**DATA SEGMENT:**
Start of Block

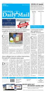 Due to the global pandemic two local institutions of higher education, Cottey College and Crowder College, have turned to online instruction for the remainder of their semesters. It was decided prior to the conclusion of spring break that both schools were eliminating face-to-face classroom instruction for the remainder of the spring semester. The Nevada R-5 school district, meanwhile, is still on lockdown through at least April 3...
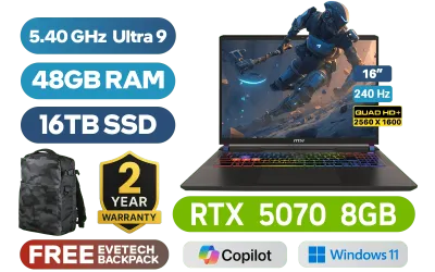 MSI VECTOR 16 HX AI A2XWGG Intel® Core™ Ultra 9-275HX up to 5.40GHz Processor, 76MB Cache, 24x Cores, 24x Threads / 48GB DDR5 RAM / 16TB Ultra-Fast NVMe SSD / 16" QHD+ (2560 x 1600) Anti-Glare 240Hz IPS-Level Display / NVIDIA 50 Series GeForce RTX 5070 8GB GDDR7 Graphics With Desktop Level Performance / Windows 11 Home / Intel® Killer™ BE Wi-Fi 7 BR1750x Wireless LAN / Bluetooth 5.4 / IR FHD type (30fps@1080p) with HDR Web Camera / 2 x USB Type-A 3.2 Gen2 / 2 x USB Type-C Thunderbolt 5 (DisplayPort / Power Delivery 3.1) / 1 x HDMI (8K@ 60Hz / 4K@ 120Hz) / 1 x Headphone and Microphone Combo Jack / 1 x SD Card Reader / 1x RJ-45 Ethernet Lan / 24-Zone RGB Backlit Gaming Keyboard With Copilot Key / Virtual Surround Sound Powered by Nahimic / 2x 2W Speaker / 2 Year MSI Warranty / MSI VECTOR 16 HX AI A2XWGG Core Ultra 9 RTX 5070 Gaming LaptopMSI VECTOR 16 HX AI A2XWGG Intel® Core™ Ultra 9-275HX up to 5.40GHz Processor, 76MB Cache, 24x Cores, 24x Threads / 48GB DDR5 RAM / 16TB Ultra-Fast NVMe SSD / 16" QHD+ (2560 x 1600) Anti-Glare 240Hz IPS-Level Display / NVIDIA 50 Series GeForce RTX 5070 8GB GDDR7 Graphics With Desktop Level Performance / Windows 11 Home / Intel® Killer™ BE Wi-Fi 7 BR1750x Wireless LAN / Bluetooth 5.4 / IR FHD type (30fps@1080p) with HDR Web Camera / 2 x USB Type-A 3.2 Gen2 / 2 x USB Type-C Thunderbolt 5 (DisplayPort / Power Delivery 3.1) / 1 x HDMI (8K@ 60Hz / 4K@ 120Hz) / 1 x Headphone and Microphone Combo Jack / 1 x SD Card Reader / 1x RJ-45 Ethernet Lan / 24-Zone RGB Backlit Gaming Keyboard With Copilot Key / Virtual Surround Sound Powered by Nahimic / 2x 2W Speaker / 2 Year MSI Warranty / MSI VECTOR 16 HX AI A2XWGG Core Ultra 9 RTX 5070 Gaming Laptop [VECTOR-16-HX-AI-A2XWGG-010ZA/48GB/16TB] / [+] GET FREE EVETECH DASH Premium Gaming Backpack / [+]Get Resident Evil Requiem with select GeForce RTX 50 Series (Standard Edition)+ FREE DELIVERY !
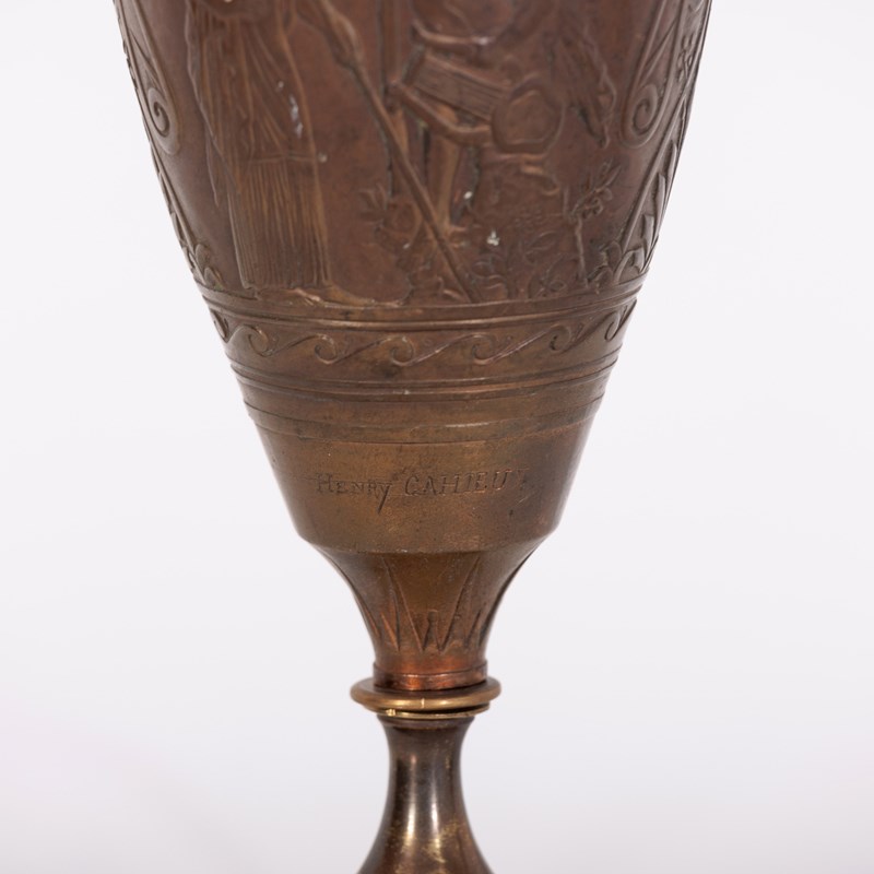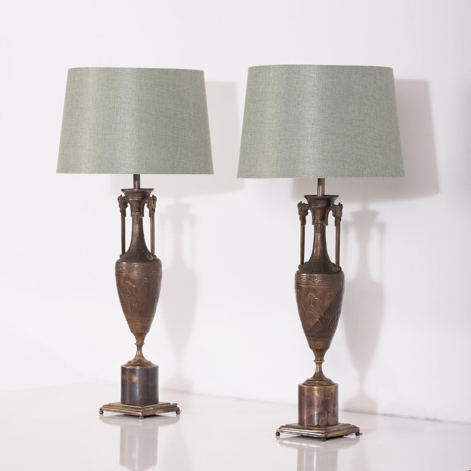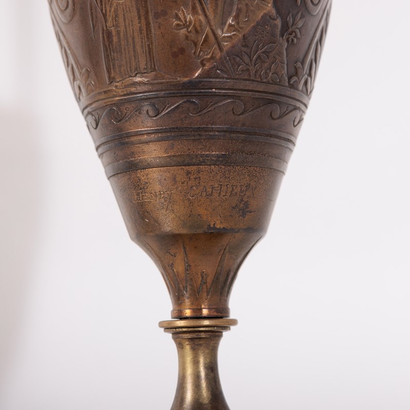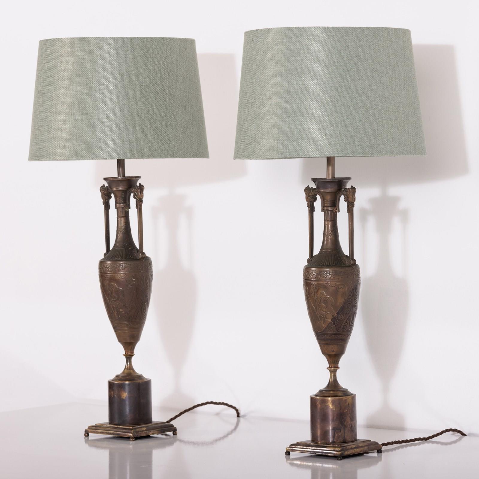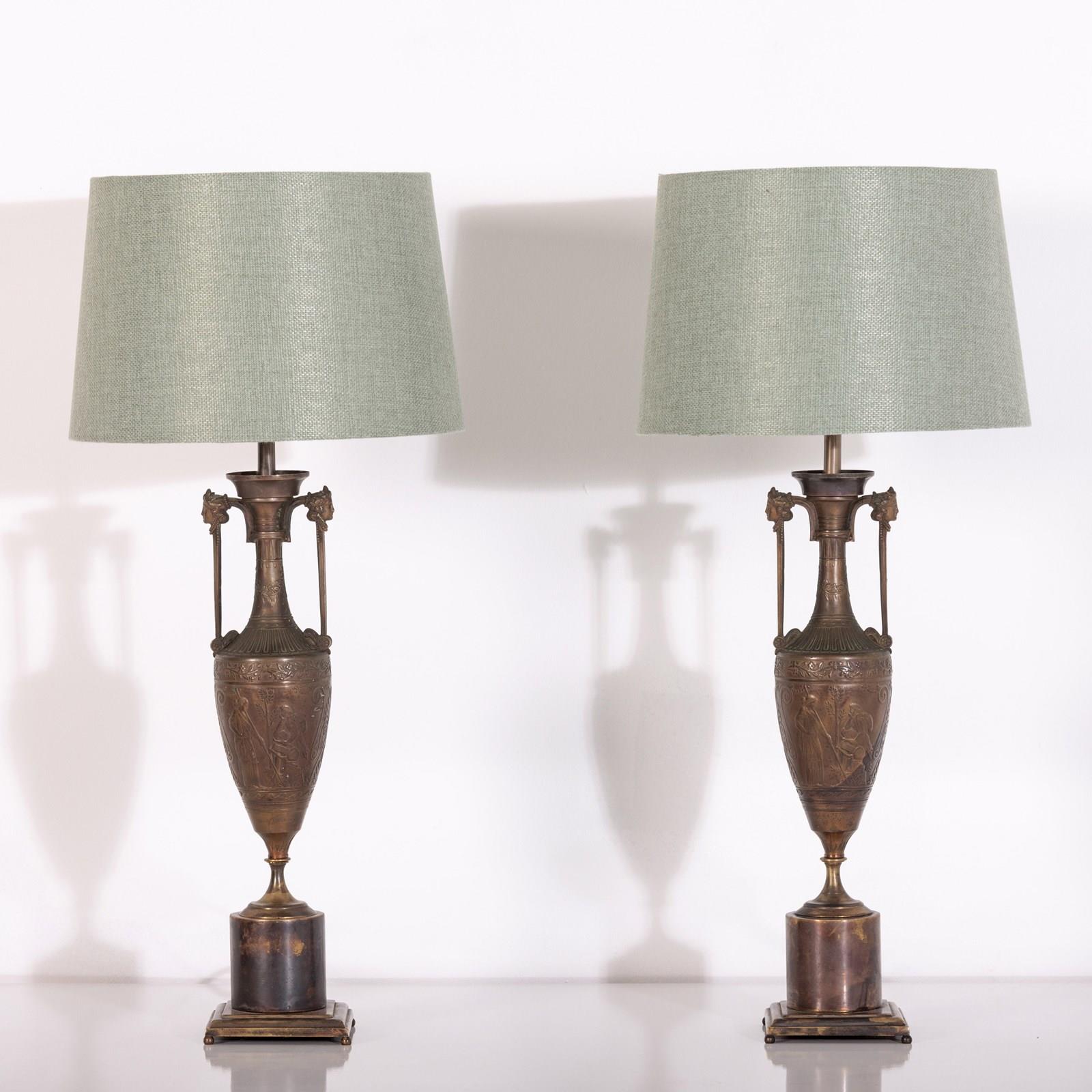 A Pair of Néo-Grec Grand Tour Patinated Bronze Vases Mounted as Lamps, Cast by Ferdinand Barbedienne from a Model by Henry Cahieux. Each vase features herm-headed handles framing a slender, elongated neck above a tapering body finely relief-cast with classical figures and anthemion motifs, set on square bases and later adapted to be mounted as lamps. Signed 'F. BARBEDIENNE FONDEUR' and 'HENRY CAHIEUX', this model was exhibited by Barbedienne at the 1855 Paris Exposition Universelle to great acclaim, where it was praised for its refined classical inspiration. The tall, elegant form-with its flaring mouth and twin handles is derived from ancient Greek loutrophoroi, ceremonial vases used in marriage rituals. Henry Cahieux (1825-1854), a Parisian sculptor, provided Barbedienne with exclusive models in the néo-grec, Egyptian, and Japanese styles. He exhibited at the Salon from 1850 to 1853, with all his works cast by Barbedienne. As lamps, Rewired and PAT tested. Circa 1850.

End of Block

**WHAT THE EXERCISE ASKS:** Please write out all of the data verbatim, with no pictures in the copy.

**PROBLEM SOLUTION:**
 Due to the global pandemic two local institutions of higher education, Cottey College and Crowder College, have turned to online instruction for the remainder of their semesters. It was decided prior to the conclusion of spring break that both schools were eliminating face-to-face classroom instruction for the remainder of the spring semester. The Nevada R-5 school district, meanwhile, is still on lockdown through at least April 3...
 MSI VECTOR 16 HX AI A2XWGG Intel® Core™ Ultra 9-275HX up to 5.40GHz Processor, 76MB Cache, 24x Cores, 24x Threads / 48GB DDR5 RAM / 16TB Ultra-Fast NVMe SSD / 16" QHD+ (2560 x 1600) Anti-Glare 240Hz IPS-Level Display / NVIDIA 50 Series GeForce RTX 5070 8GB GDDR7 Graphics With Desktop Level Performance / Windows 11 Home / Intel® Killer™ BE Wi-Fi 7 BR1750x Wireless LAN / Bluetooth 5.4 / IR FHD type (30fps@1080p) with HDR Web Camera / 2 x USB Type-A 3.2 Gen2 / 2 x USB Type-C Thunderbolt 5 (DisplayPort / Power Delivery 3.1) / 1 x HDMI (8K@ 60Hz / 4K@ 120Hz) / 1 x Headphone and Microphone Combo Jack / 1 x SD Card Reader / 1x RJ-45 Ethernet Lan / 24-Zone RGB Backlit Gaming Keyboard With Copilot Key / Virtual Surround Sound Powered by Nahimic / 2x 2W Speaker / 2 Year MSI Warranty / MSI VECTOR 16 HX AI A2XWGG Core Ultra 9 RTX 5070 Gaming LaptopMSI VECTOR 16 HX AI A2XWGG Intel® Core™ Ultra 9-275HX up to 5.40GHz Processor, 76MB Cache, 24x Cores, 24x Threads / 48GB DDR5 RAM / 16TB Ultra-Fast NVMe SSD / 16" QHD+ (2560 x 1600) Anti-Glare 240Hz IPS-Level Display / NVIDIA 50 Series GeForce RTX 5070 8GB GDDR7 Graphics With Desktop Level Performance / Windows 11 Home / Intel® Killer™ BE Wi-Fi 7 BR1750x Wireless LAN / Bluetooth 5.4 / IR FHD type (30fps@1080p) with HDR Web Camera / 2 x USB Type-A 3.2 Gen2 / 2 x USB Type-C Thunderbolt 5 (DisplayPort / Power Delivery 3.1) / 1 x HDMI (8K@ 60Hz / 4K@ 120Hz) / 1 x Headphone and Microphone Combo Jack / 1 x SD Card Reader / 1x RJ-45 Ethernet Lan / 24-Zone RGB Backlit Gaming Keyboard With Copilot Key / Virtual Surround Sound Powered by Nahimic / 2x 2W Speaker / 2 Year MSI Warranty / MSI VECTOR 16 HX AI A2XWGG Core Ultra 9 RTX 5070 Gaming Laptop [VECTOR-16-HX-AI-A2XWGG-010ZA/48GB/16TB] / [+] GET FREE EVETECH DASH Premium Gaming Backpack / [+]Get Resident Evil Requiem with select GeForce RTX 50 Series (Standard Edition)+ FREE DELIVERY !
 A Pair of Néo-Grec Grand Tour Patinated Bronze Vases Mounted as Lamps, Cast by Ferdinand Barbedienne from a Model by Henry Cahieux. Each vase features herm-headed handles framing a slender, elongated neck above a tapering body finely relief-cast with classical figures and anthemion motifs, set on square bases and later adapted to be mounted as lamps. Signed 'F. BARBEDIENNE FONDEUR' and 'HENRY CAHIEUX', this model was exhibited by Barbedienne at the 1855 Paris Exposition Universelle to great acclaim, where it was praised for its refined classical inspiration. The tall, elegant form-with its flaring mouth and twin handles is derived from ancient Greek loutrophoroi, ceremonial vases used in marriage rituals. Henry Cahieux (1825-1854), a Parisian sculptor, provided Barbedienne with exclusive models in the néo-grec, Egyptian, and Japanese styles. He exhibited at the Salon from 1850 to 1853, with all his works cast by Barbedienne. As lamps, Rewired and PAT tested. Circa 1850.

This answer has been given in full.